3.1.1 Circuit Design and Oscillation Mechanism

The architecture of the proposed integrated self-sustained relaxation oscillator [9] is shown in Fig. 11. To overcome the obstacle of integration of ultra-large resistors or capacitors induced from the structure of oscillator in previous experiment, it adopts a pA-scale charging current to realize ms-scale charging time and biological oscillation frequency. The output current of a MOS-only current reference \(I_{REF}\) (1 nA) [51] is mirrored through two pairs of NMOS current mirrors (N3 and N4, N3 and N5) and two pairs of PMOS current mirrors (P1 and P3, P2 and P4), in order to supply the charging current \(I_{c}\) (250 pA) and output stage current \(I_{o}\) (3 nA), respectively. To improve the accuracies of the current mirrors, cascode current mirror structures are adopted (but not shown here).
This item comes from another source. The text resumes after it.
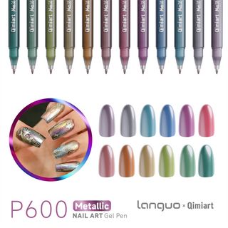 Stylo gel métallisé Languo x Qimiart 12 couleurs pour nail art - Couleurs classiques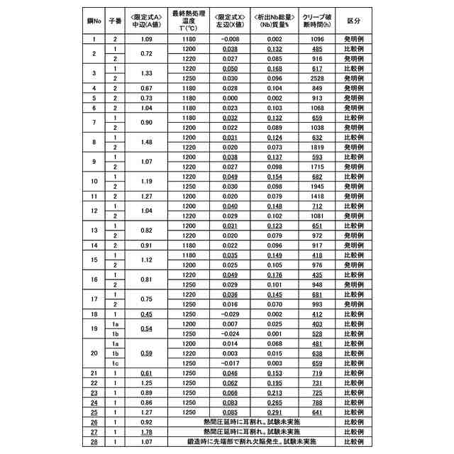 また、特許文献1で示唆されているように、これらの成分系で十分なクリープ強度を付与するには、最終熱処理において1250℃~1300℃といった超高温域で加熱することが望ましいが、1250℃を超える熱処理は炉体に与えるダメージが大きいため炉のメンテナンスコストの増大につながる。またこのような能力を有する設備を標準装備した鋼板製造メーカーは限られており、製造設備の能力に応じた成分設計を行う必要がある。そのため、熱処理炉の能力に応じた成分設計が可能な鋼も求められていた。

Furthermore, the output stage current \(I_{o}\) flows into configurable diode-connected stacked NMOS transistors (N6, N7, N8, and N9) to generate the output voltage \(V_g\), which adjusts the threshold voltage \(V_{thG}\) of negative differential resistance (NDR) circuit [52]. It avoids the difficult tradeoff of size of resistors or power consumption in the structure designed by the experiment shown in Fig. 10. The NDR circuit consists of PMOS transistor P5, a pair of NMOS transistors N1 and N2, and the configurable diode-connected stacked NMOS transistors.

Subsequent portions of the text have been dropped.